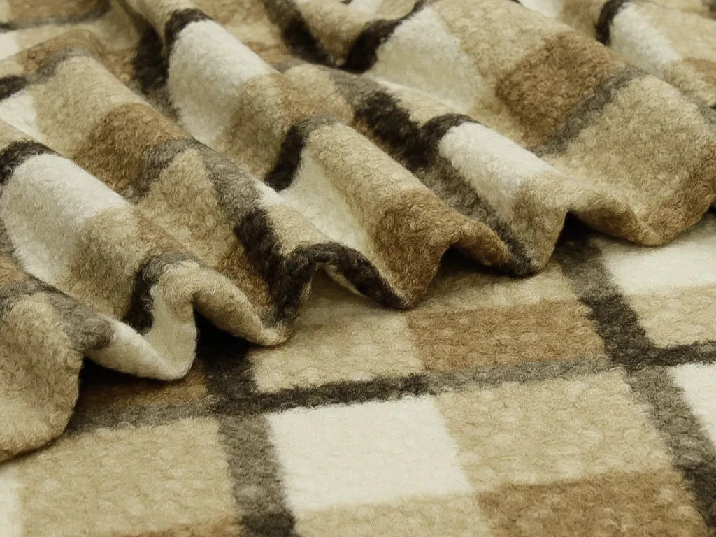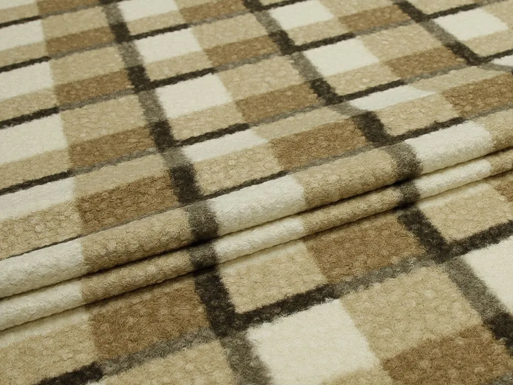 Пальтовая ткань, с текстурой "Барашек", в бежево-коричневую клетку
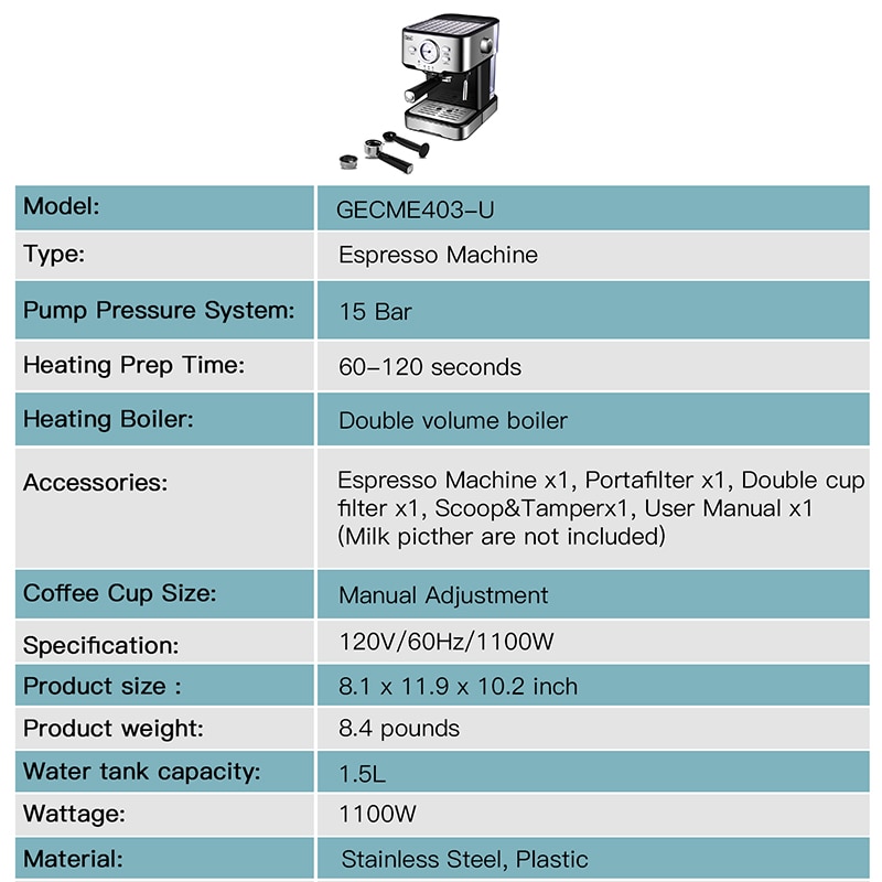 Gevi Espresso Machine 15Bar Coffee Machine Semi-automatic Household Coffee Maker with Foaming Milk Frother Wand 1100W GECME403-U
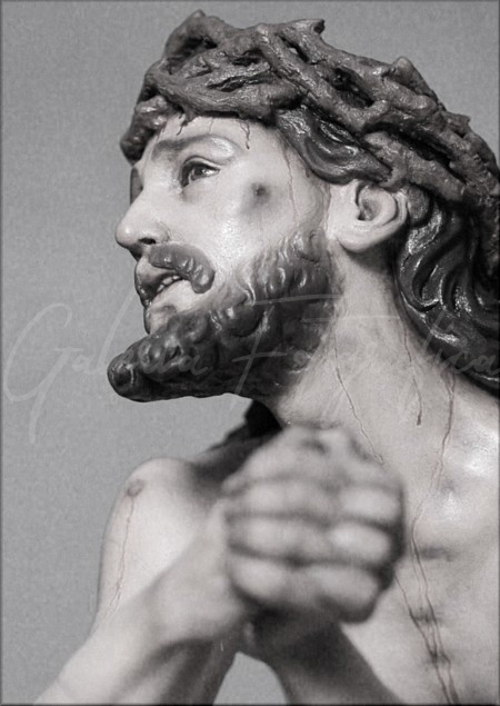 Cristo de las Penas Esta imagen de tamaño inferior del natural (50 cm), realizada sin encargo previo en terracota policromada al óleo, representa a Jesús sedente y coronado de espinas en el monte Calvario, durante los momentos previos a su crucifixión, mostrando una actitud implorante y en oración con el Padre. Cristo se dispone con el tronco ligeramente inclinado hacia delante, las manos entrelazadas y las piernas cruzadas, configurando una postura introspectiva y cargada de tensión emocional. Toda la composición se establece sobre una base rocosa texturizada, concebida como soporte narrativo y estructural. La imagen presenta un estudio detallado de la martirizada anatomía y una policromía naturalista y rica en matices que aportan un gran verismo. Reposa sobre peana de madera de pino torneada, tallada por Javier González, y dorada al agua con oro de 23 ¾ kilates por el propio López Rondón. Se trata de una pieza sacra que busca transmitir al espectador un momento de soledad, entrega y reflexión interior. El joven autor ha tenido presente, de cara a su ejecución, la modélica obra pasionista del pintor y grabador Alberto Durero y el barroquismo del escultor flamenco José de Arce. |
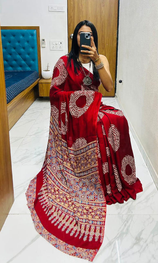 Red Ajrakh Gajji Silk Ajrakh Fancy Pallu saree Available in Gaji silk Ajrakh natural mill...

Work order:
The lines to write out are those from the first line of the listing above through the line bearing "Gevi Espresso Machine", both included, copied exactly with pictures dropped.

Answer:
 Пальтовая ткань, с текстурой "Барашек", в бежево-коричневую клетку
 Gevi Espresso Machine 15Bar Coffee Machine Semi-automatic Household Coffee Maker with Foaming Milk Frother Wand 1100W GECME403-U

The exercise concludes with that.